### TASK STATEMENT
Exactly the lines from the one holding "此為一紙質福卡,此福卡共12" through the end of the material below must be printed, nothing more, and the pictures must be dropped.

### RECORDED DATA
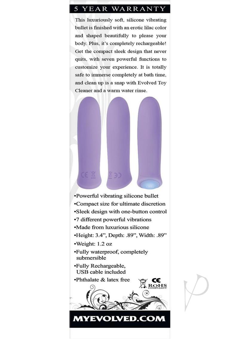 This luxuriously soft, silicone vibrating bullet is finished with an erotic lilac color and shaped beautifully to please your body.Plus, it`s completely rechargeable!Get the compact sleek design that never quits, with seven powerful functions to customize your experience.It is totally safe to immerse completely at bath time, and clean up is a snap with Evolved Toy Cleaner and a warm water rinse.Powerful vibrating silicone bulletCompact size for ultimate discretionSleek design with one-button control7 different powerful vibrationsFully waterproof, completely submersibleFully rechargeable, USB cable includedPhthalate and latex freeDimensions:Height: 3.4 in.Depth: .89 in.Width .89 in.
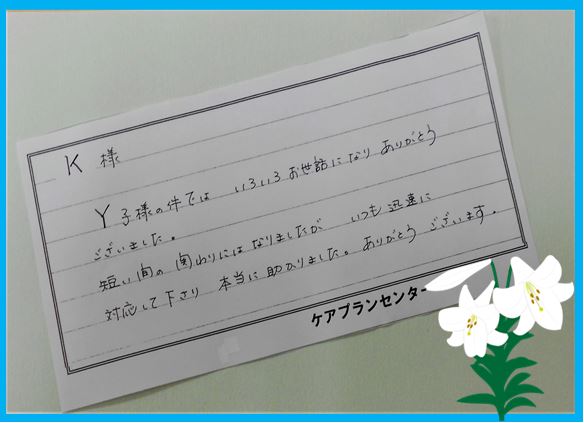 後日、ケアマネジャー様からお礼のお手紙をいただき(下記参照)改めて、これからも会員様に寄り添いながら関係機関の皆様と共に、お役に立てるよう頑張りたい、と強く思いました。
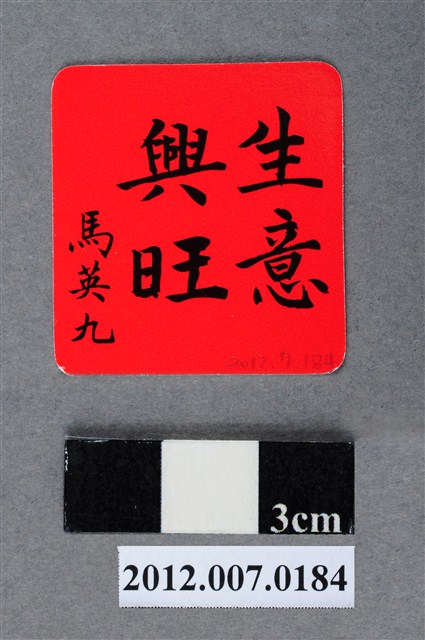 此為一紙質福卡,此福卡共12款,以紅色為底,正面印有國旗及「旺」字,後面為「生意興旺」,並由中國國民黨第13任總統候選人馬英九署名。 此物件為2012年第13任總統副總統選舉時中國國民黨候選人的相關宣傳品,此次選舉由代表中國國民黨的馬英九、吳敦義;代表民主進步黨的蔡英文、蘇嘉全;代表親民黨的宋楚瑜、林瑞雄參與選舉。代表國民黨的馬英九在競選中開設「臺灣加油讚」競選辦公室,並且以「不統不獨」的「兩岸」政策爭取選民選票。最終,代表國民黨的馬英九、吳敦義組合當選,馬英九成功連任第13任總統。
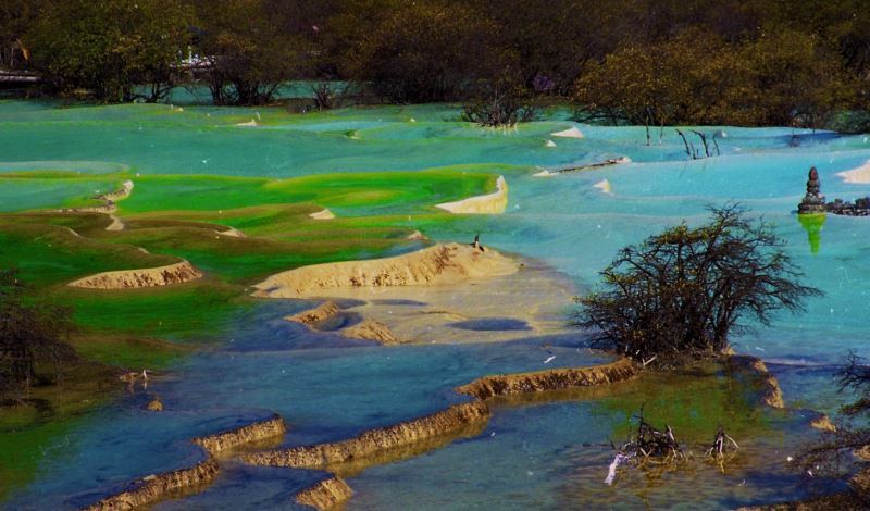 The main landscape of Huanglong (literally “yellow dragon”) in Sichuan is its large-scale, intricately structured and richly colored travertine; it became internationally known because of its rare karst topography. In 1992, both Huanglong and Jiuzhaigou were inscribed on UNESCO’s list of World Heritage Sites.

### COMPLETED EXERCISE
 此為一紙質福卡,此福卡共12款,以紅色為底,正面印有國旗及「旺」字,後面為「生意興旺」,並由中國國民黨第13任總統候選人馬英九署名。 此物件為2012年第13任總統副總統選舉時中國國民黨候選人的相關宣傳品,此次選舉由代表中國國民黨的馬英九、吳敦義;代表民主進步黨的蔡英文、蘇嘉全;代表親民黨的宋楚瑜、林瑞雄參與選舉。代表國民黨的馬英九在競選中開設「臺灣加油讚」競選辦公室,並且以「不統不獨」的「兩岸」政策爭取選民選票。最終,代表國民黨的馬英九、吳敦義組合當選,馬英九成功連任第13任總統。
 The main landscape of Huanglong (literally “yellow dragon”) in Sichuan is its large-scale, intricately structured and richly colored travertine; it became internationally known because of its rare karst topography. In 1992, both Huanglong and Jiuzhaigou were inscribed on UNESCO’s list of World Heritage Sites.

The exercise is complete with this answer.